На маленьком столике, накрытом на двоих, были аккуратно расставлены тарелочки с сушеной рыбой, омлетом и вареными овощами. Подавая дымящийся рис, девочка сняла с полки пиалу и палочки для еды: - Можно взять? - Этими палочками ела моя жена, но если хочешь, бери. Ну и мастерица же ты, просто чудеса, да и только! - Можно было варить рис в электрической рисоварке, но это слишком долго, и я сварила в простой. Я его не замачивала, поэтому он не очень-то хорошо проварился. - Да, хозяйка ты отменная! Не всякий сумеет из жалких остатков состряпать такое отличное угощение. Прямо как в сказке. Что ж, попробуем. - Я ведь мечтаю выйти замуж за железнодорожника, а значит, надо научиться быстро готовить. - Ну, экзамен ты выдержала на отлично.

Отхлебнув мисосиру (суп из бобовой пасты "мисо"), Отомацу замер, охваченный каким-то странным чувством, выходившим за рамки простого изумления. Точно такое же мисосиру готовила когда-то его покойная жена. - Ну как, вкусно? - Да, давненько мне не было так хорошо… - Почему?

"Если бы Юкко была жива, - думал Отомацу, - она наверняка угостила бы меня теперь именно таким мисосиру. Мать научила бы ее стряпать. Каждый вечер, отправив последний поезд, я находил бы дома на столе именно такой ужин".

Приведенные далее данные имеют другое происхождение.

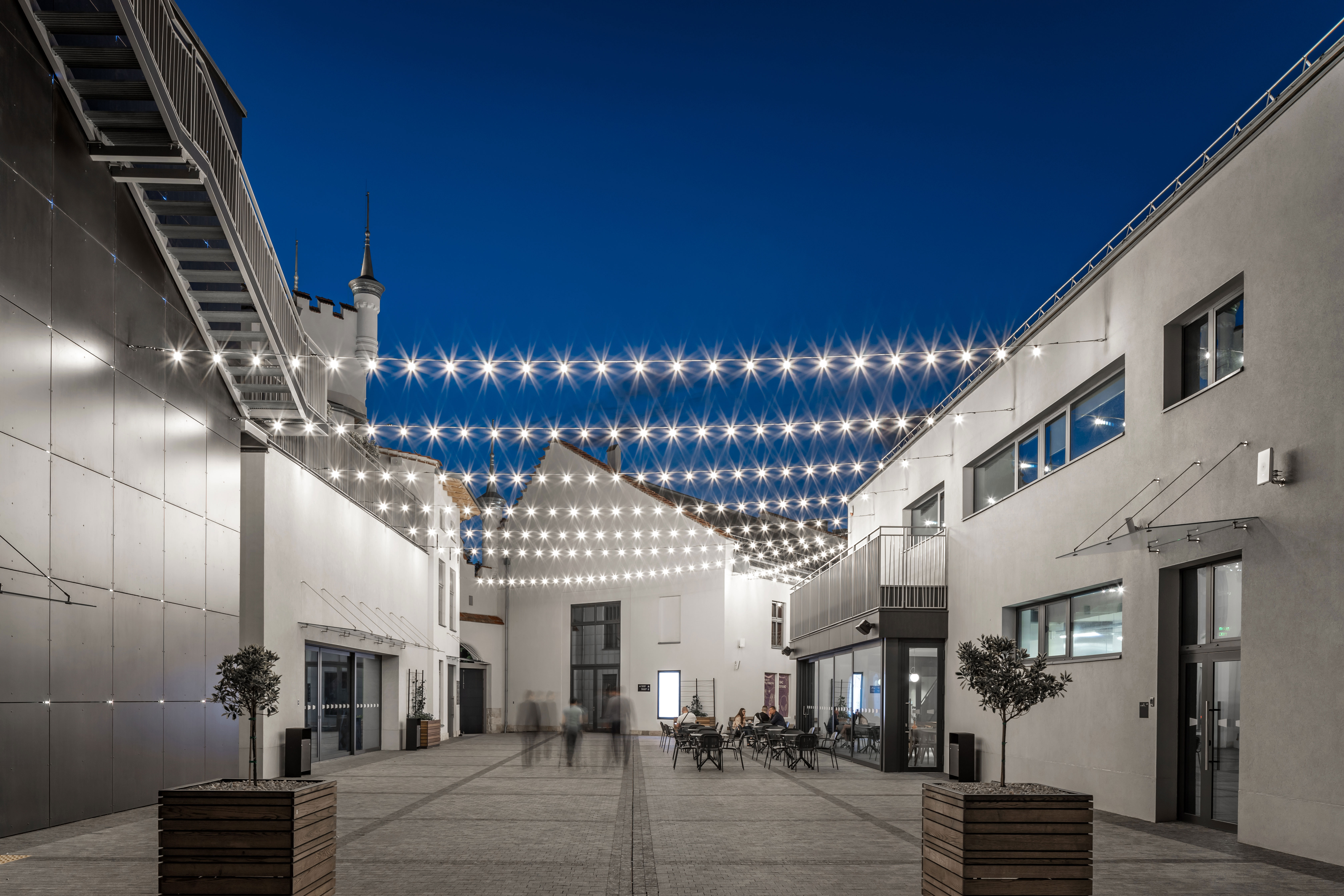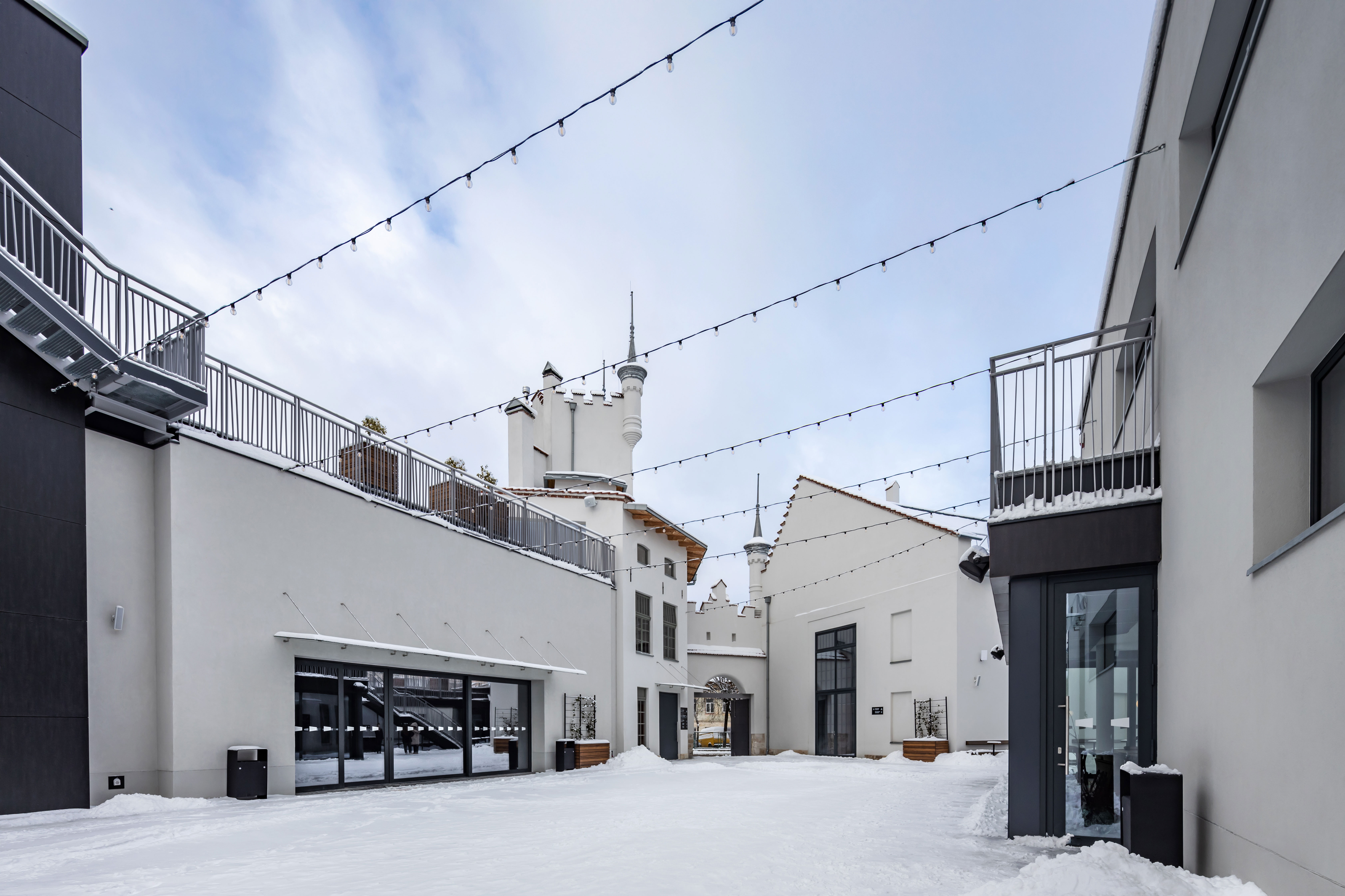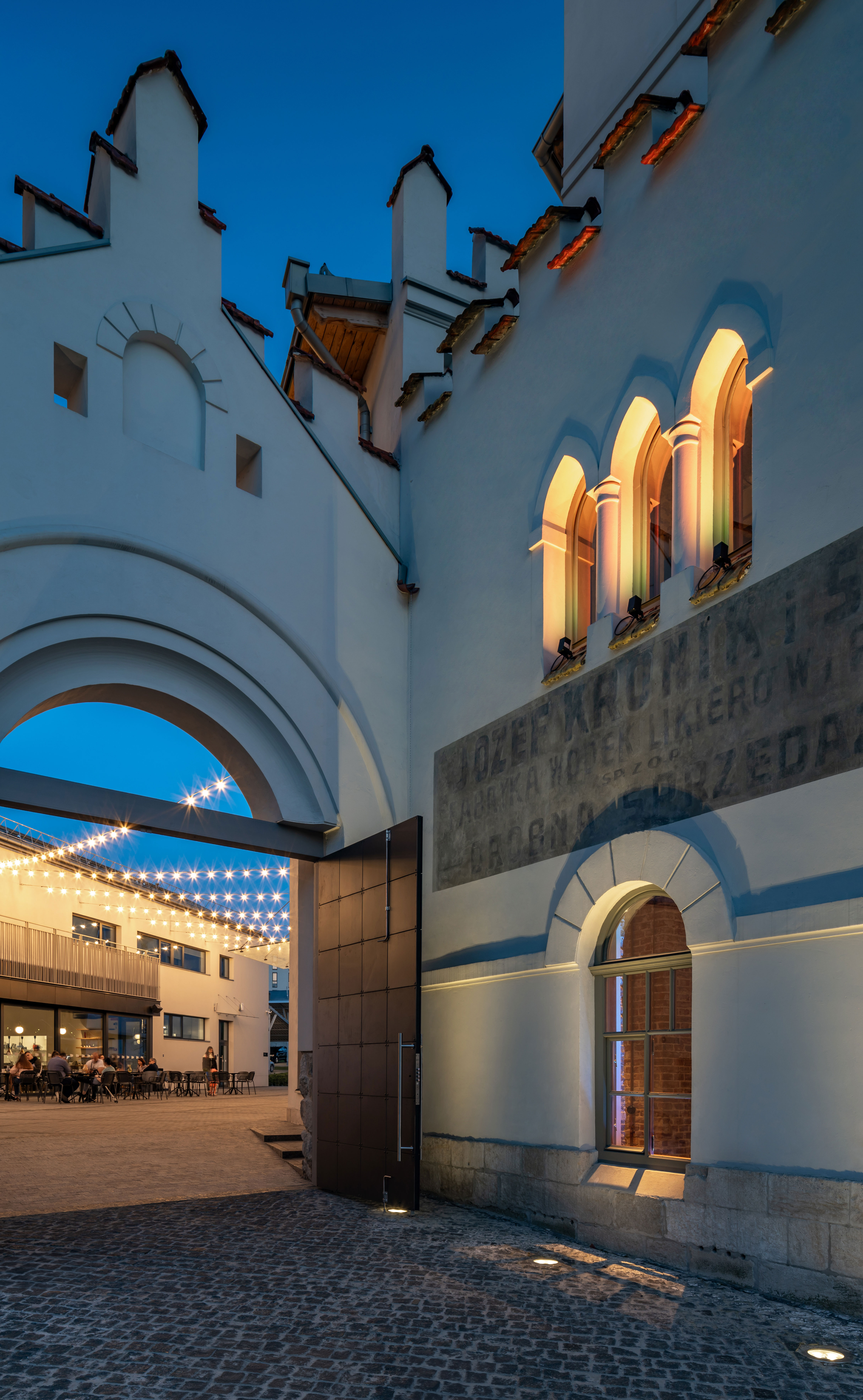 The historic structure of the former Josef Kronik and Son distillery was preserved, while various spaces were adapted for cultural use. The Neo-Gothic tower, likely a private residence built around 1910, now houses relaxation areas, a small exhibition, and a shop. Former production and administrative areas have been transformed into zones for exhibitions, theater, music, administration, and a café-restaurant.

Отложив палочки, Отомацу уселся поудобнее. - Знаешь, вообще-то мне очень везло в жизни. Я всегда делал только то, что хотел, правда потерял ребенка и жену… И все же тут все ко мне очень хорошо относятся. Так что я все же счастливый человек. - Правда? - Конечно, правда. А теперь и смерти не боюсь. Зазвонил телефон. Сунув ноги в сандалии, Отомацу прошел в контору: - Да, слушаю. А, это вы господин настоятель. С Новым годом вас! Это из-за меня ваша внучка задержалась. Очень славная девочка. Даже ужином меня накормила.

Однако, как выяснилось, настоятель звонил вовсе не потому, что волновался за внучку. После того как они обменялись привычными любезностями, он спросил, как Отомацу предполагает в этом году проводить поминальную службу.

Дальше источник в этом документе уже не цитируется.